Modernizing Federal Efficiency Policy: California Should Not Be Penalized for Good Stewardship

  • 6 days ago
  • 2 min read

Californians use approximately half the electricity per capita of the national average. Our water productivity, economic output per unit of freshwater consumed, has improved dramatically over the past three decades through investment in recycled water systems, precision irrigation, and building efficiency standards. These gains required on-going public and private investment. In-turn, they generated real economic returns: lower consumer costs, reduced infrastructure demand, and stronger export markets for the technologies developed in the process.

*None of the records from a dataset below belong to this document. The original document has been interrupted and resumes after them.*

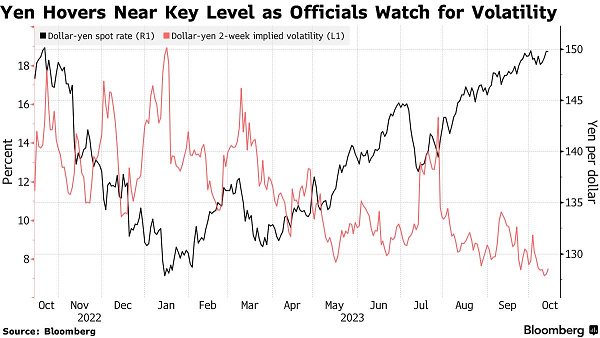 尽管美元/日元汇率正接近一个重要水平,但两周隐含波动率(衡量预期波动的指标)仍接近2022年3月以来的最低水平。
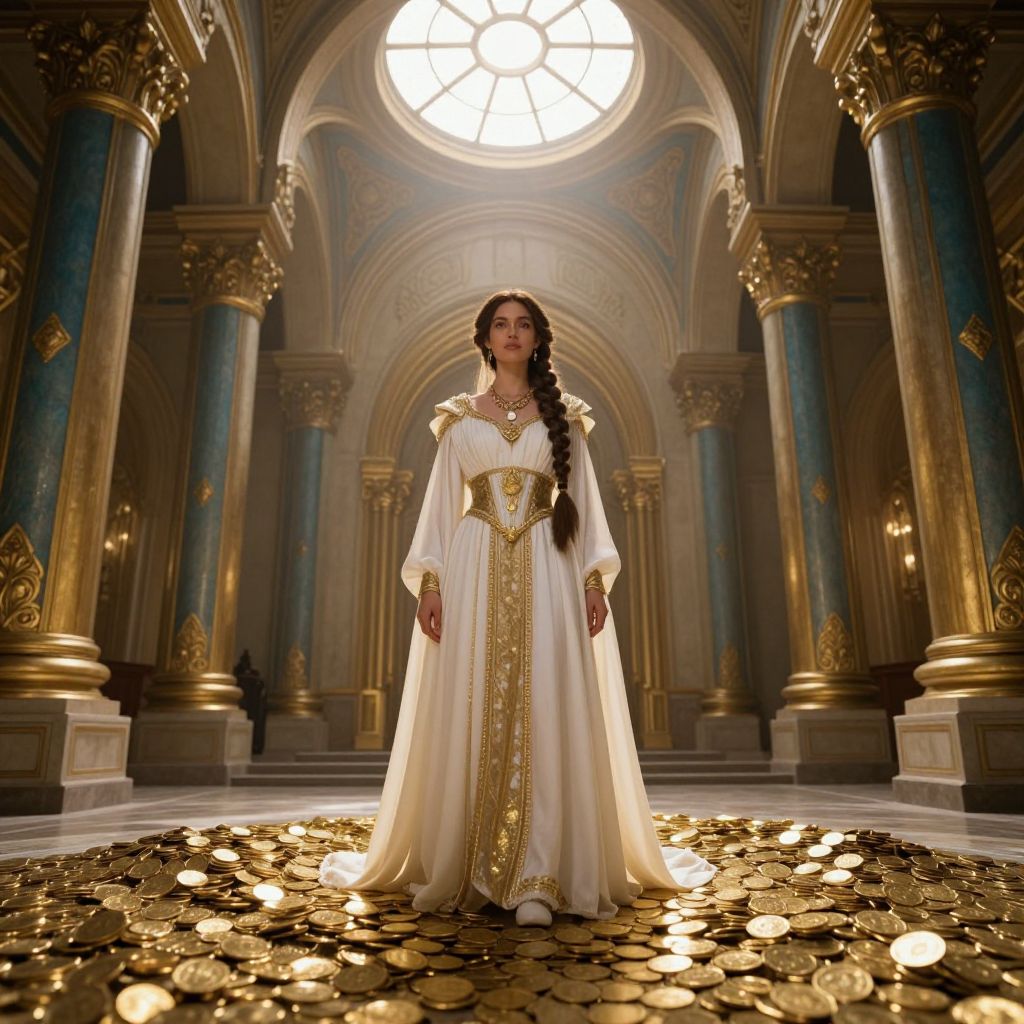 In a vaulted room filled with an abundance of gold coins, a beautiful woman stands regally, her white robe adorned with gold accents. The room is illuminated by a soft, warm light filtering through a large, circular window at the top, casting a golden glow on the scene. The woman's long, braided hair cascades down her back, and she wears a delicate gold necklace. Piles of gold coins are scattered around her feet, creating a sense of wealth and opulence. The room is lined with tall, ornate columns, their blue and gold hues adding to the grandeur of the setting. The overall composition is balanced, with the woman centrally positioned, the coins creating a sense of depth and perspective, and the columns framing the scene. The interplay of colors, textures, and shapes creates a rich, detailed visual experience, evoking a sense of fantasy and adventure reminiscent of the Forgotten Realms.
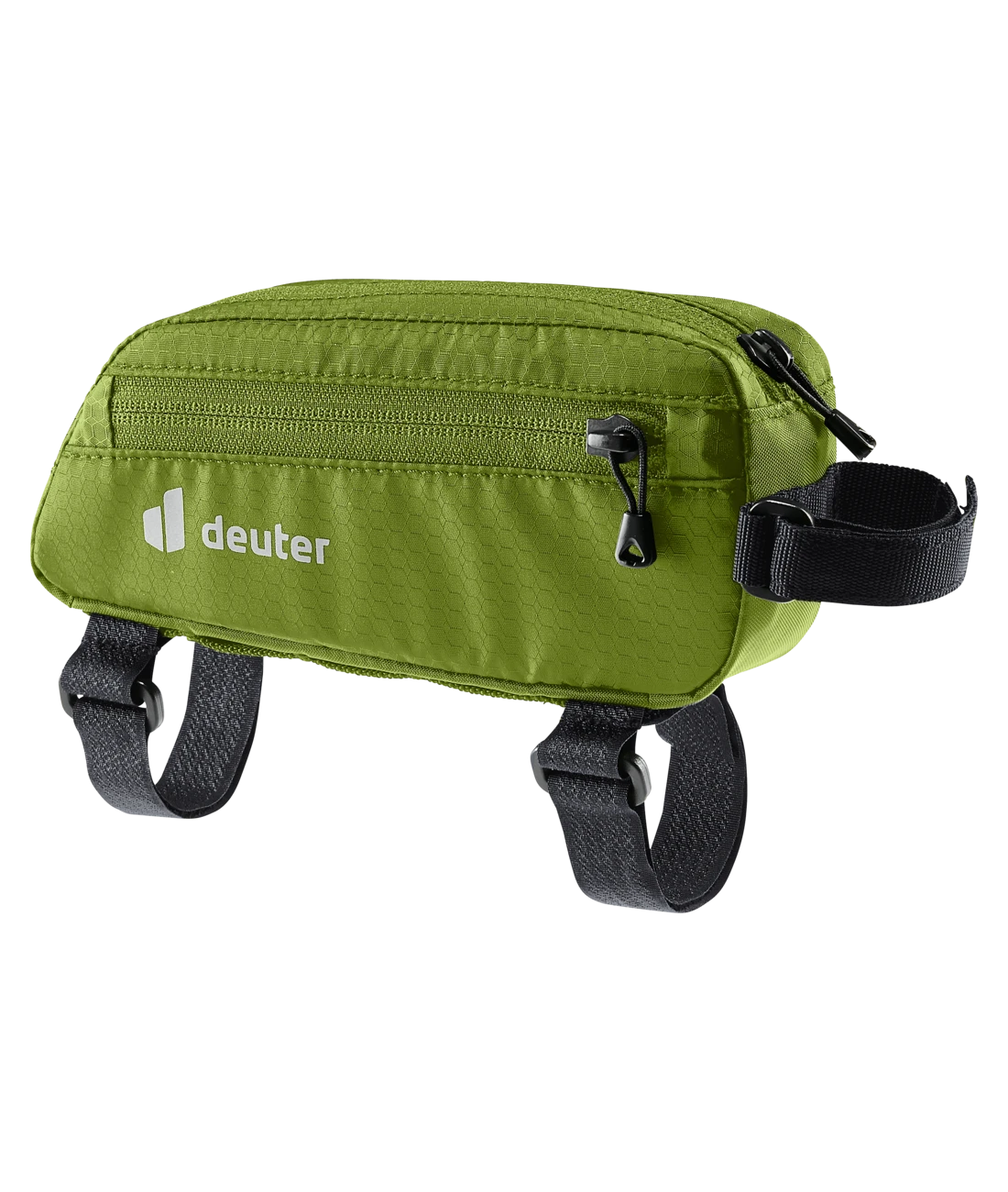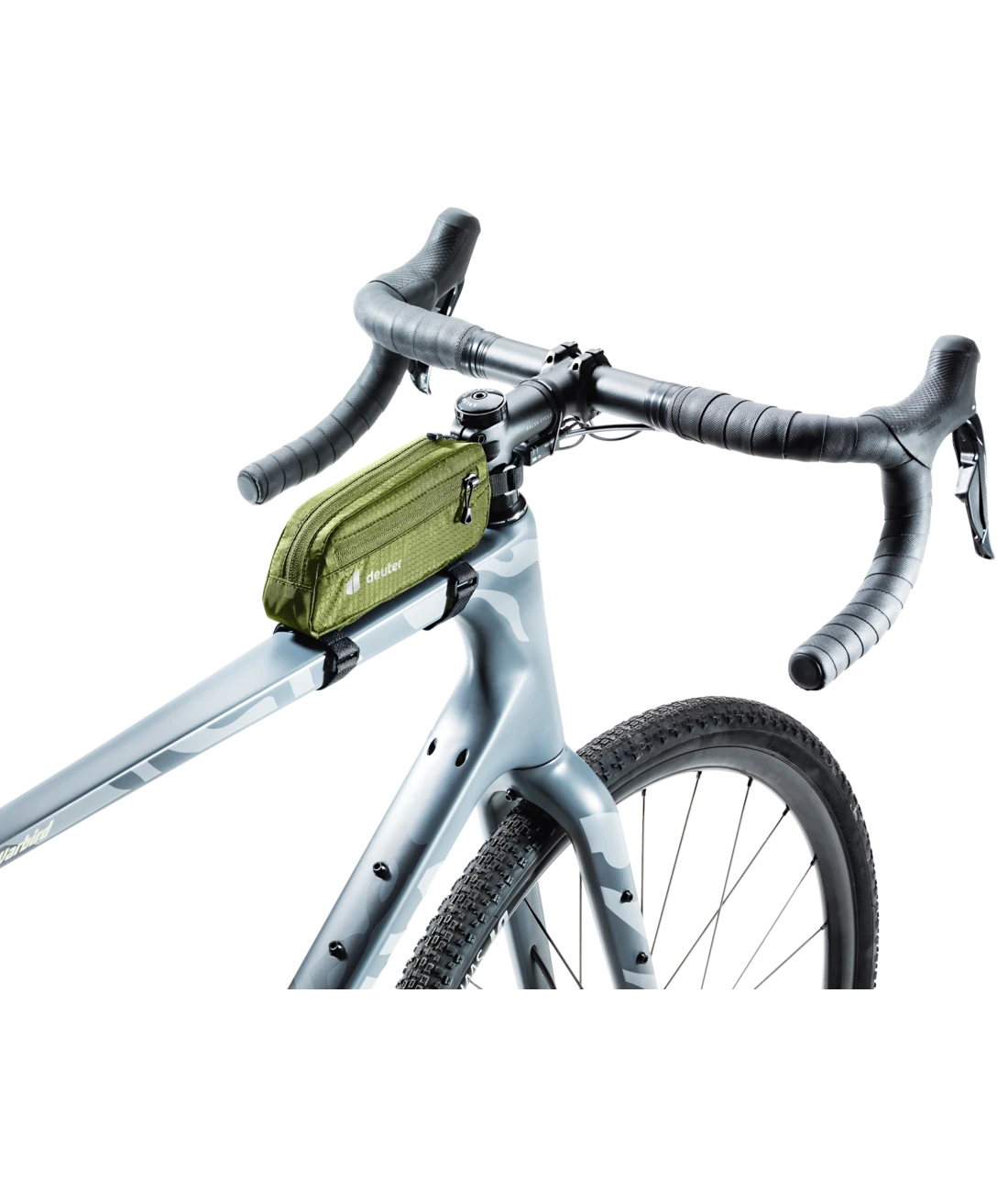 Praktische Reißverschlusstasche, die einfach mit Klettverschluss am Fahrradrahmen befestigt wird und Energieriegel, Geld, Smartphone oder Schlüssel immer griffbereit hält.
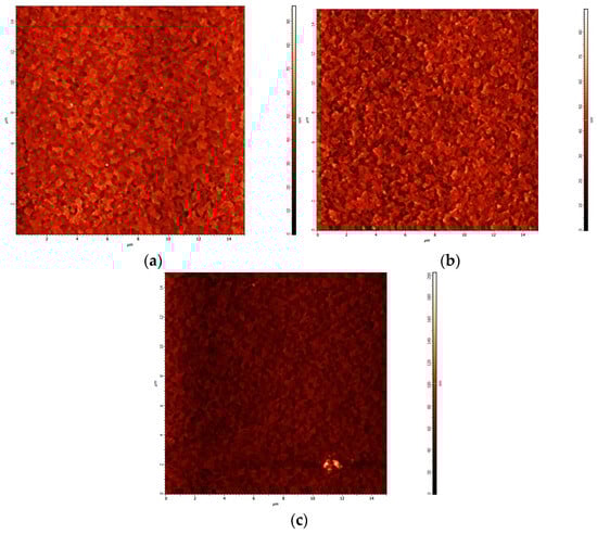 AFM images of V2Ox after annealing at (a) 100 °C, (b) 140 °C, and (c) 180 °C.
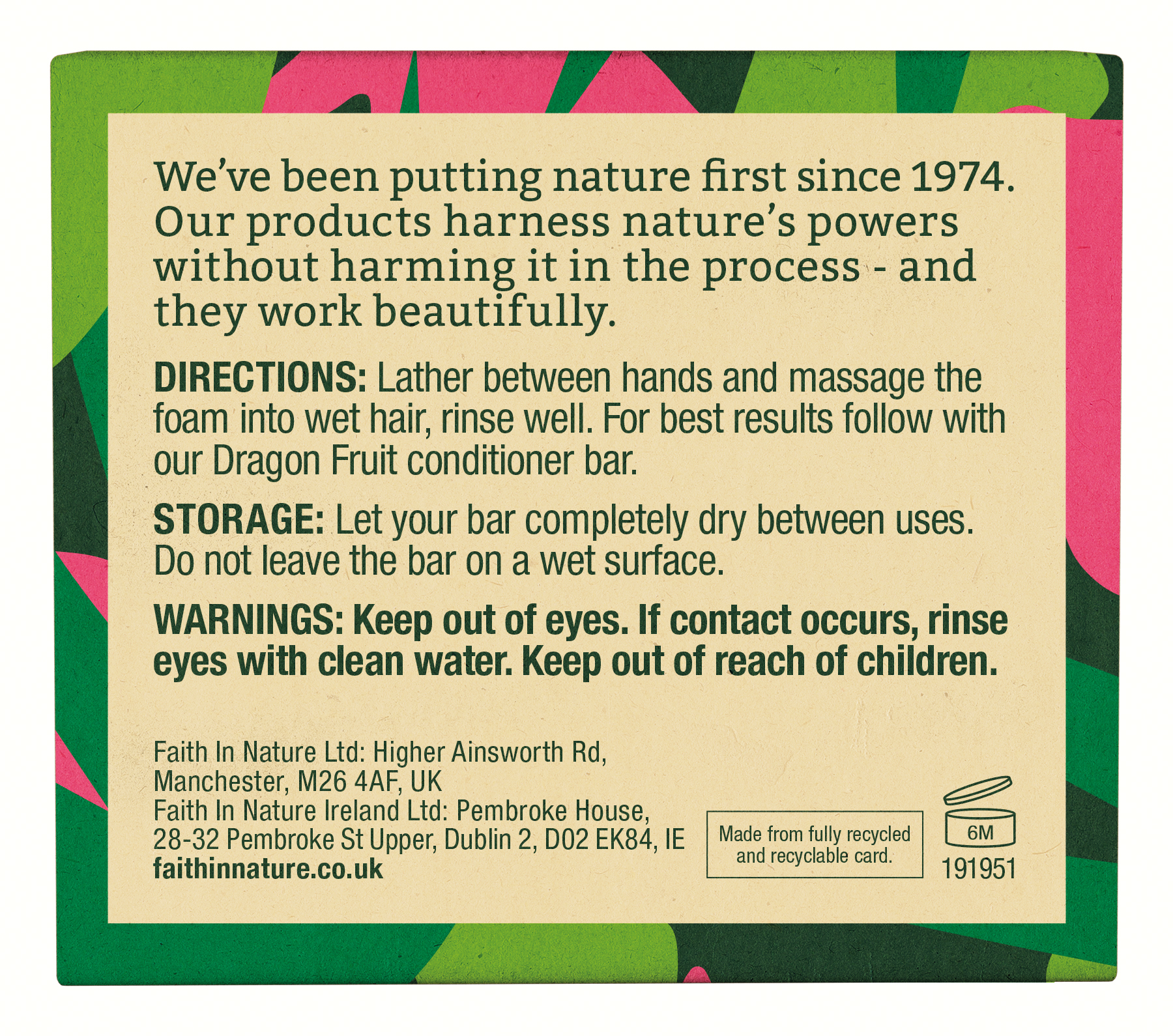 Наш твердый шампунь с фруктом дракона из линейки натуральных твердых шампуней Faith In Nature, все из которых богаты антиоксидантами, витаминами и минералами, одобрены The Vegan Society, не тестируются на животных и изготовлены из ингредиентов высочайшего качества природного происхождения.

It is therefore poor federal policy, and a fundamental misalignment of incentives, when allocation formulas penalize California’s efficiency rather than rewarding it. Per-capita federal infrastructure allocations that ignore conservation investment effectively transfer resources from states that have done the hard work of demand reduction to states that have not. The criticism that Democrats are not pragmatic about economic growth misses what California’s record demonstrates: efficiency investment is growth investment. It reduces operating costs for businesses and households, frees capital for productive use, and develops technology sectors with strong export value. The goal is not stewardship at the expense of growth - it is stewardship as the mechanism of growth.


This is not an argument for special treatment. It is an argument for updating a distribution methodology that was designed for a different era. The per-capita model made sense when population was a reasonable proxy for infrastructure need, when states of similar size had broadly similar resource demands and investment profiles. That assumption no longer holds. A state that has invested decades and hundreds of billions of dollars in efficiency infrastructure has a materially different infrastructure need profile than one that has not. Failing to account for that difference does not produce neutral outcomes; it produces systematically perverse ones, rewarding inaction and penalizing investment. Updating the model is sound policy methodology that would benefit any state based upon actual results rather than population size.


Proposed Action: Congress directs DOE, EPA, and the Bureau of Reclamation to develop a modernized Federal Infrastructure Efficiency Index — a transparent, biennially updated methodology that incorporates per-capita and per-GDP water and energy efficiency metrics alongside population when allocating federal infrastructure and water program funding. The index should be open to all states and designed as a positive incentive: states that lead on efficiency are producing national public goods and deserve commensurate recognition in federal funding formulas.